▶ Problem description
Pictures in the records below must be left out. Return exactly the lines from the line with "全国の中小企業・小規模事業の" to the line with "Featuring the timeless", both included.

-----

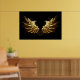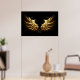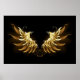 Unas alas brillantes de ángel dorado sobre un fondo oscuro. Alas de oro.
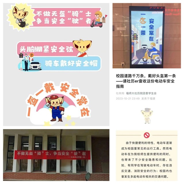 织密安全宣传网,树牢安全意识“防线”。学院充分利用线上线下宣传平台、各年级晚点名等形式向全体师生进行广泛宣传教育,讲清讲透电动车使用安全隐患,介绍校园电动车管理相关制度,强调校园文明出行注意事项。学院在宿舍楼、领先楼LED屏幕持续滚动播放交通安全提示,制作一批校园电动车安全贴士,设置在道路隐患突出点及宿舍出入口等显眼位置。
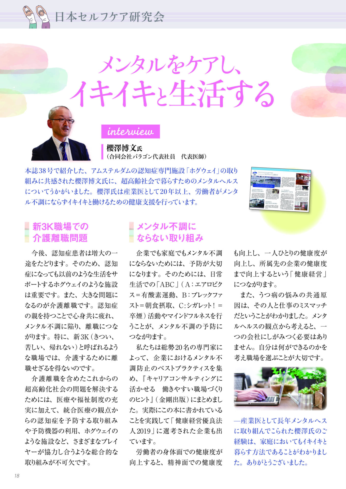 例えば横浜市青葉区の地域誌「あざみ野STYLE」が2019年9月刊行の第39号にて、当社代表に対する取材記事「メンタルケアし、イキイキと生活する」を「健康経営優良銘柄」選定制度の立役者である江崎偵英氏の記事と共に掲載くださいました。
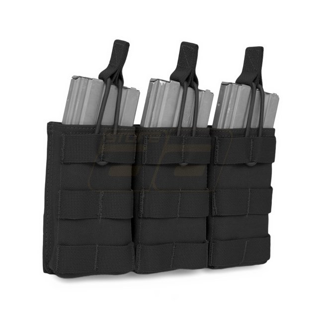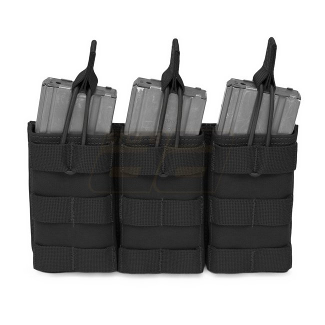 Gardez vos chargeurs M4 sécurisés avec la pochette ouverte Triple M4 de Warrior en noir. Cette pochette compatible MOLLE peut contenir 3 chargeurs M4 facilement.
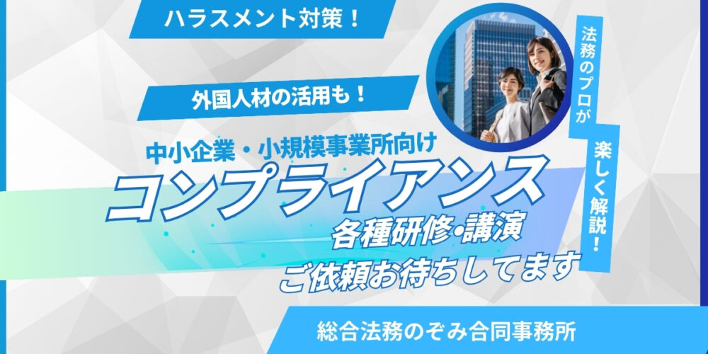 全国の中小企業・小規模事業のニーズに合わせた各種コンプライアンス研修を中小企業の法務・コンプライアンス・外国人材活用を専門とする専門家が明るく楽しい雰囲気でオンラインで行います。
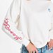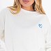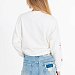 Женская толстовка выполнена из полотна футер трёхнитка (воздушка). Линия плеча спущена, длинные рукава заканчиваются манжетами. Спереди и на рукаве сделана оригинальная вышивка.
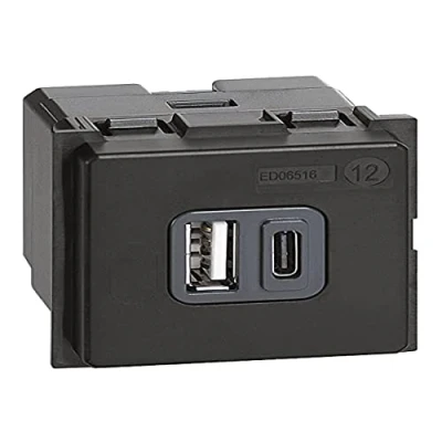 BTICINO MatixGO USB Power Plug 1 Module Grey JG4192C Charger one Type...
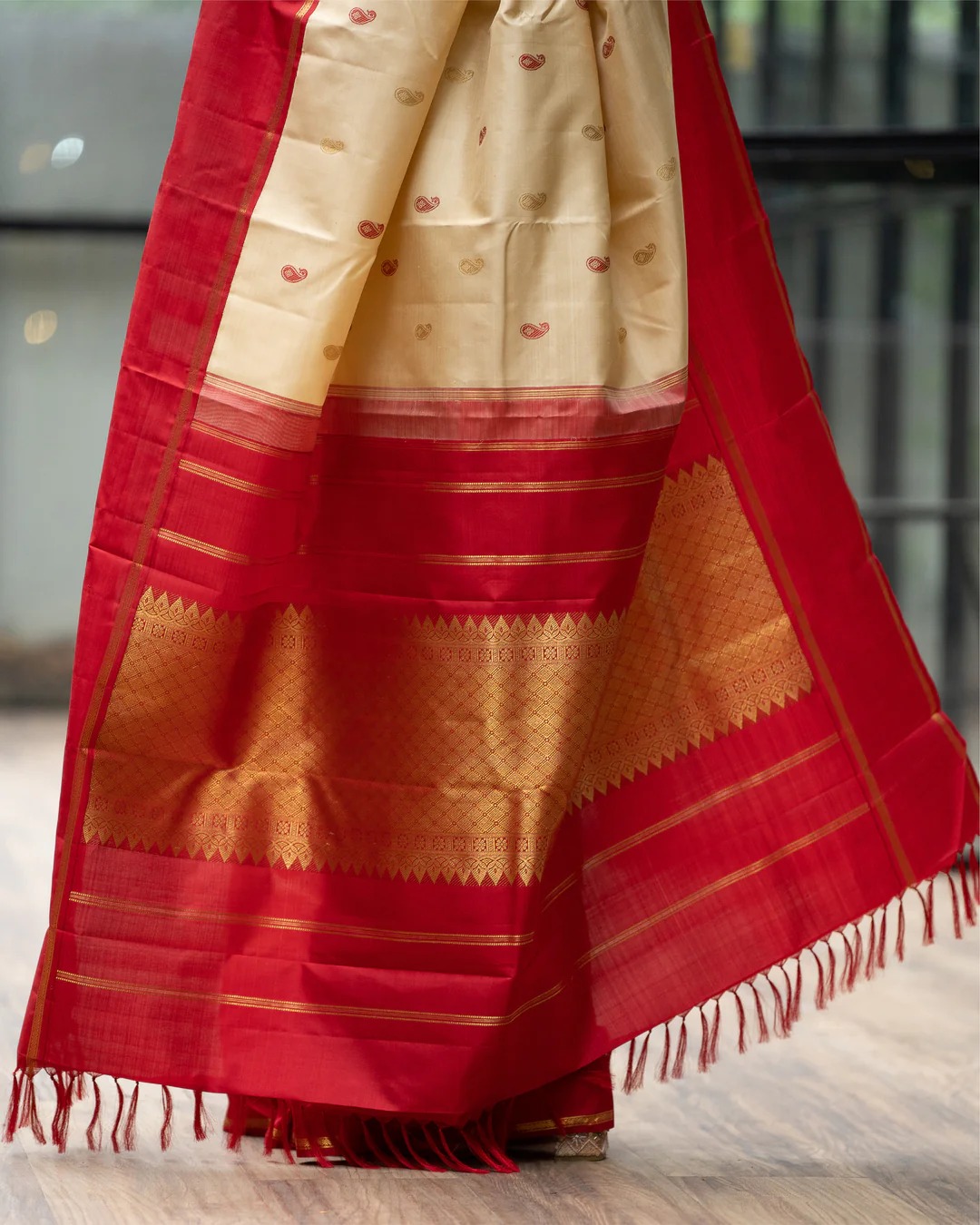 Featuring the timeless Kanchipuram in cosmic latte cream is a beautiful amalgamation of contemporary and traditional craftsmanship. Expertly hand-woven, the body is adorned with stunning paisley motifs in zari and thread and framed with a red pattu korvai border and diamond pallu.
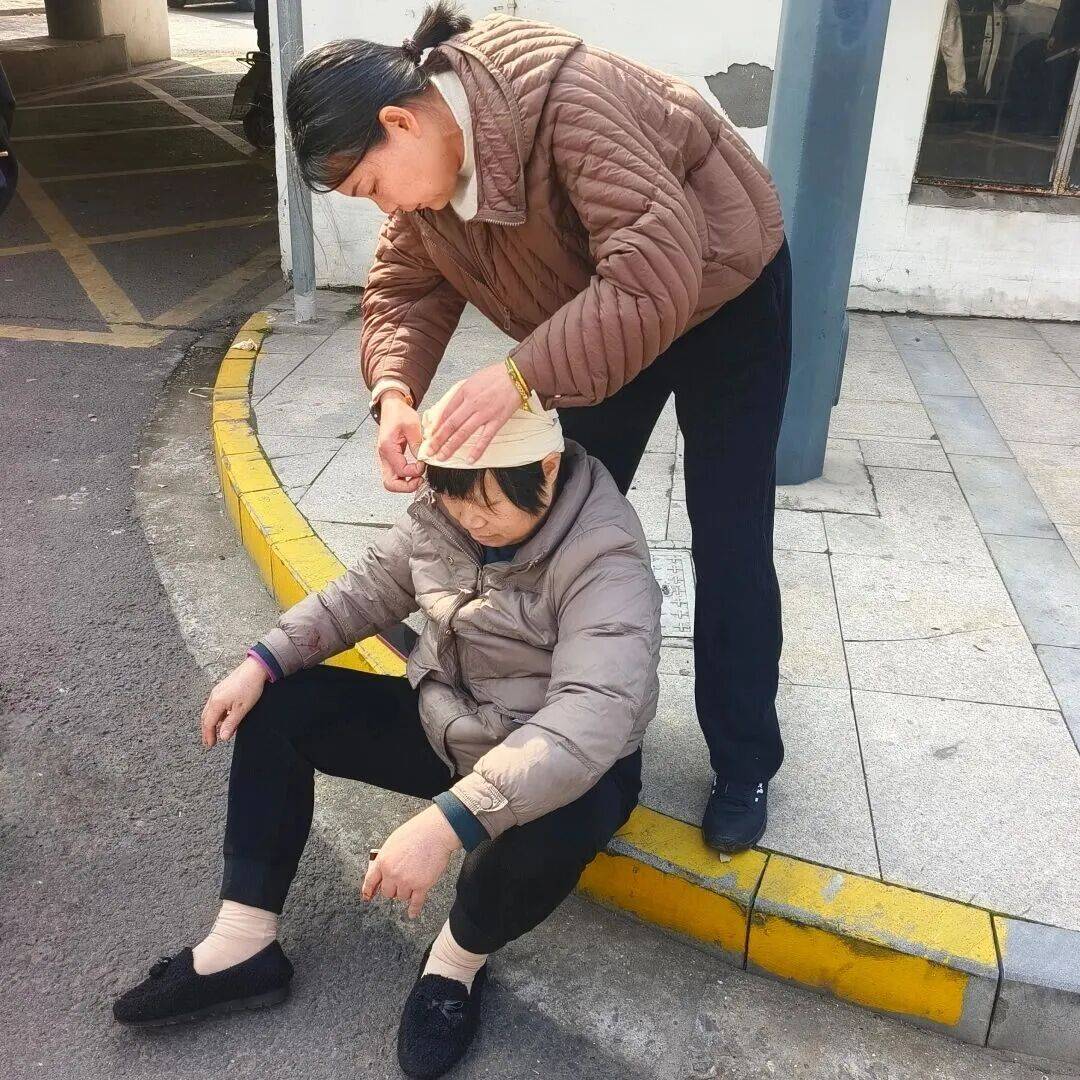 只见马路中央,一辆私家车和电动车撞在了一起。一位大妈满头鲜血,坐在一旁,双手扶着脑袋,神情恍惚,不知所措。徐晶见状,立刻返回店内取出急救包,再快速返回现场。她先仔细查看大妈的整体受伤情况,在确认大妈意识清醒且没有骨伤后,将她小心翼翼地扶到安全地带,避免二次伤害。紧接着,凭借着专业的急救知识,她用纱布为大妈紧急按压止血,随后取出医用三角巾,熟练又细致地为大妈进行包扎。

-----

▶ Answer to the exercise
 全国の中小企業・小規模事業のニーズに合わせた各種コンプライアンス研修を中小企業の法務・コンプライアンス・外国人材活用を専門とする専門家が明るく楽しい雰囲気でオンラインで行います。
 Женская толстовка выполнена из полотна футер трёхнитка (воздушка). Линия плеча спущена, длинные рукава заканчиваются манжетами. Спереди и на рукаве сделана оригинальная вышивка.
 BTICINO MatixGO USB Power Plug 1 Module Grey JG4192C Charger one Type...
 Featuring the timeless Kanchipuram in cosmic latte cream is a beautiful amalgamation of contemporary and traditional craftsmanship. Expertly hand-woven, the body is adorned with stunning paisley motifs in zari and thread and framed with a red pattu korvai border and diamond pallu.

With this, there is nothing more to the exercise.